Снежное сердце - Людмила Толмачева 11 стр.


– Ну вот, видишь? Значит, укатил куда-нибудь. Может, даже не один.

– Олег на такое не способен.

– Ты уверена?

– Да.

Арсений пожал плечами, окинул равнодушным взглядом палату, спрятал зевок.

Расстроенная пропажей мужа, Дана уже не хотела ни о чем говорить. Раньше, наверное, ее оскорбили бы скучающий вид и ленивые движения Арсения, но сейчас она не придавала значения таким пустякам. Разговор не клеился. Оба помалкивали, думая о своем.

Посмотрев на часы, Арсений вздохнул.

– У тебя дела?

– Да, есть кое-что. Надо бы зачет спихнуть…

– Так иди. Я не задерживаю тебя.

– Но ты хотела поговорить…

– А! Ерунда!

– Ну, тогда я пошел…

– Всего хорошего.

– Пока. Может, послезавтра? После шести…

– Что?

– Ну-у, я бы пришел. Поговорим…

– Нет, не надо. Арсений, ты давно знаешь Анжелу?

Ни один мускул не дрогнул на его красивом лице, но яркий румянец предательски выдал сильное смущение. Опустив глаза и кусая губы, он хранил молчание.

Ей было неловко, словно подсмотрела в замочной скважине интимную сцену. Надо было как-то выходить из неприятной ситуации.

– Если не хочешь отвечать, не надо. Я уже догадалась, что ваш союз – против меня.

Он по-прежнему молчал, но и не трогался с места. Будто стыд пригвоздил его к стулу.

– Арсений, ну что с тобой? – как можно мягче спросила Дана, уже жалея о своем поступке.

– Ничего, кроме позора. Такого я не испытывал за всю жизнь. Подонок я, однако.

Вскинув голову, он посмотрел ей прямо в глаза.
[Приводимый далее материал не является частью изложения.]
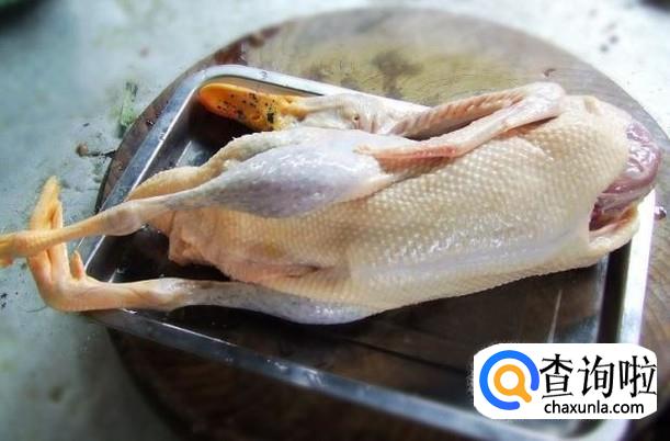 首先把土鸭清理干净。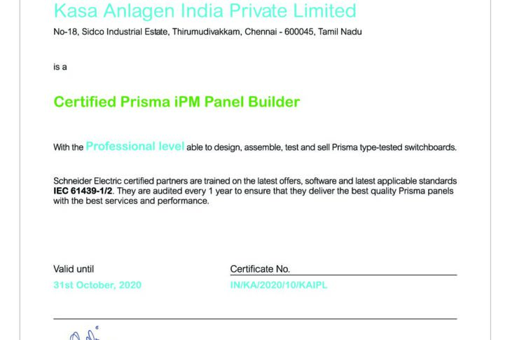 It is with great pleasure that we announce to you our recent partnership with Schneider Electric for the Prisma Range of LT Panels. Prisma is an international range of IEC61439-1 & 2 certified functional LT boards from the stable of Schneider Electric. Prisma has an elegant 2 door design and over 12 type tests have been conducted successfully.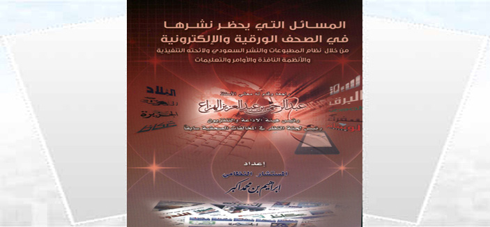 من إعداد المستشار النظامي إبراهيم بن محمد أكبر، صدر كتاب «المسائل التي يحظر نشرها في الصحف الورقية والإلكترونية»، وقد قدّم للكتاب الأستاذ عبد الرحمن بن عبد العزيز الهزاع رئيس هيئة الإذاعة والتلفزيون رئيس لجنة النظر في المخالفات الصحفية سابقاً.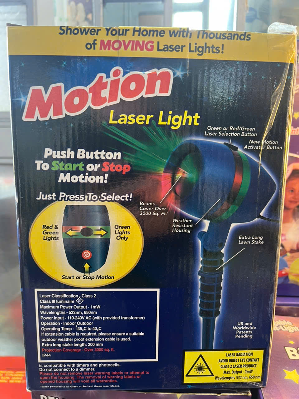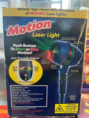 Motion Laser Light je výkonné dekorativní laserové světlo, které dokáže během okamžikuproměnit váš dům nebo zahradu v jedinečnou světelnou show. Zařízení vytváří tisíce pohyblivých laserových efektů a dokáže pokrýt plochu více než 3000 čtverečních stop (cca 280 m²).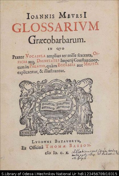 | Назва: | Ioannis Meursi Glossarium Graecobarbarum |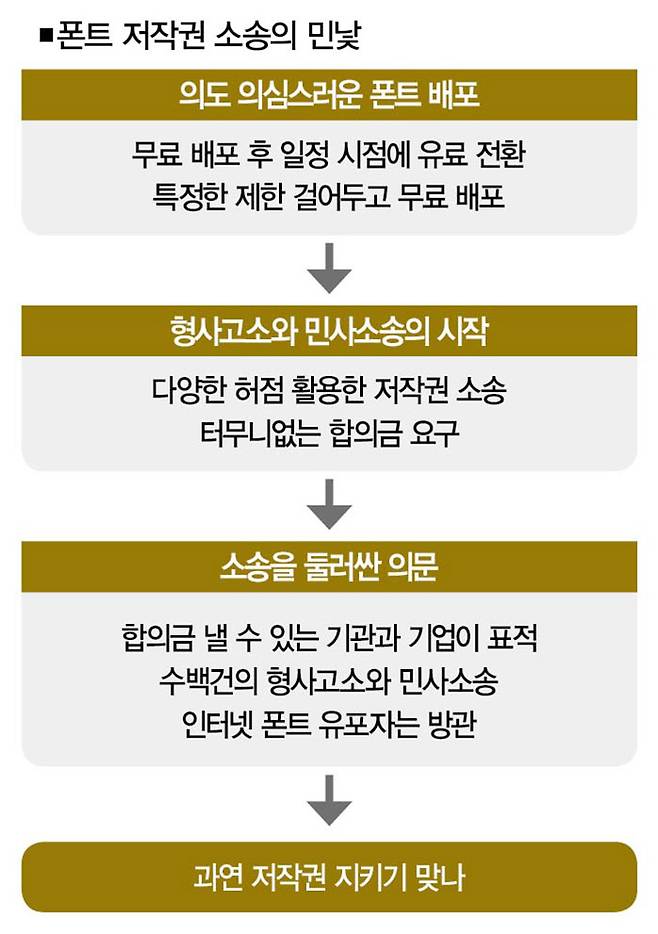 문제는 '폰트 파일의 설치ㆍ사용'을 은근히 부추겨 저작권 침해를 유발하고, 이를 빌미로 저작권 소송을 남발해 합의금을 뜯어내는 이들도 적지 않다는 점이다.

Румянец схлынул с его скул, лицо побледнело, стало жестче и старше.

– Ты… из-за денег… со мной? – помертвев от внезапной догадки, прошептала Дана.

– Да.

– И сколько она заплатила тебе?

– Зачем тебе эти подробности?

– Интересно. Почем такие услуги…

– Хм. Дешевка я, Дана. За шестьсот баксов продался. Уж если падать, то повыше надо было залезть.
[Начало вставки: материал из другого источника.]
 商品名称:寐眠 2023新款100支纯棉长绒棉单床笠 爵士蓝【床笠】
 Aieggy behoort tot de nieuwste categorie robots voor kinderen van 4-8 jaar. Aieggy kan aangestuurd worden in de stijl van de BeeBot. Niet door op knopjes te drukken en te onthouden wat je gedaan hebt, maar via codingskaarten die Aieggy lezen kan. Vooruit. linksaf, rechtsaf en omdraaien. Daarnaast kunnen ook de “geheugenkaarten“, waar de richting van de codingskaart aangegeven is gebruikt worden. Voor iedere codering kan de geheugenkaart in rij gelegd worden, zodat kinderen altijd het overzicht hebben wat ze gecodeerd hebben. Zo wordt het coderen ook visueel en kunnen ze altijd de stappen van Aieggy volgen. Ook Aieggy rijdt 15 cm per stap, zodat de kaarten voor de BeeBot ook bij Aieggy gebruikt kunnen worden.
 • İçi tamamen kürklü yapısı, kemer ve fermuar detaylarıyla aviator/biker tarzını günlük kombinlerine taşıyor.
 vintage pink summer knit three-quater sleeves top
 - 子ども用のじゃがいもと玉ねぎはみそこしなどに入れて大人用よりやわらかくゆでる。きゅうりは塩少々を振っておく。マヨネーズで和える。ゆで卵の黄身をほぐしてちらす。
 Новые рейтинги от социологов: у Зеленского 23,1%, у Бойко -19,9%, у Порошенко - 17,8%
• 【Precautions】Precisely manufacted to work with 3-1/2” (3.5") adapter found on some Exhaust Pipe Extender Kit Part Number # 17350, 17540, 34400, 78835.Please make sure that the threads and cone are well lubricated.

В палате воцарилась тишина. Оба сидели не шевелясь, с застывшими взглядами.

– Иди, Арсений. Мне надо отдохнуть, – усталым голосом попросила Дана, вставая с кресла.

Он стоял, переминаясь с ноги на ногу, глядя в пол, как будто искал подходящие слова.

– Ты ищешь способ оправдаться? – в этот раз сухо произнесла она.

– А ты… не дашь мне ни одного шанса?

– Разве таким поступкам есть хоть малейшее оправдание? Ведь это низость. А ее ничем не приукрасить.

– Я знаю. И все же есть такое, перед чем любая низость бледнеет.

– Например?

– Смерть.

– Не понимаю. О чьей смерти ты говоришь?

– Моей матери.

– Твоя мать… умерла?

– Еще нет. У нее последняя стадия рака. Мне нужны были деньги. Любые. Дана, прости меня!

Он упал перед ней на колени, обнял за талию, уткнулся лицом в халат. Ей захотелось пожалеть его, приласкать как ребенка, утешить. Шелковистые волосы парня податливо приминались под ее ладонью, на теплых висках пульсировали жилки. Тонкие женские пальцы нежно касались ушей, лба, шеи. Он вздрогнул под ее рукой, еще сильнее прижал к себе хрупкое тело.

– Не надо, Арсений. Отпусти. Ведь ты понимаешь, что уже никаких отношений не будет. Если хочешь знать, я охладела к тебе еще раньше. Когда ты испугался моего мужа. Прощай. Не звони мне больше. Постой! Вот это кольцо, по-моему, дорогое. Не знаю, сколько оно стоит… Но это бриллиант. Продай его. Других средств у меня, к сожалению, нет.

– Неужели думаешь, что я возьму?

– Возьмешь. Мать – самое дорогое на свете. Я это поняла после ее смерти. Мне некуда идти со своими бедами… Была бы мама… А ты будь рядом с ней. Как можно больше. Ну, иди.

* * *

– Как наши дела? – бодро поинтересовался Борис Наумович, присаживаясь к кровати больной.

– Отлично, – улыбнулась Дана.

– Даже так? – искренне удивился врач, внимательно изучая ее лицо.

– Я пришла к решению.

– Хм. Я не узнаю вас. Вы даже как-то… ну, помолодели – крайне глупо говорить, вы и так моложе некуда… Целеустремленность в глазах. Вот именно. Жизненная цель.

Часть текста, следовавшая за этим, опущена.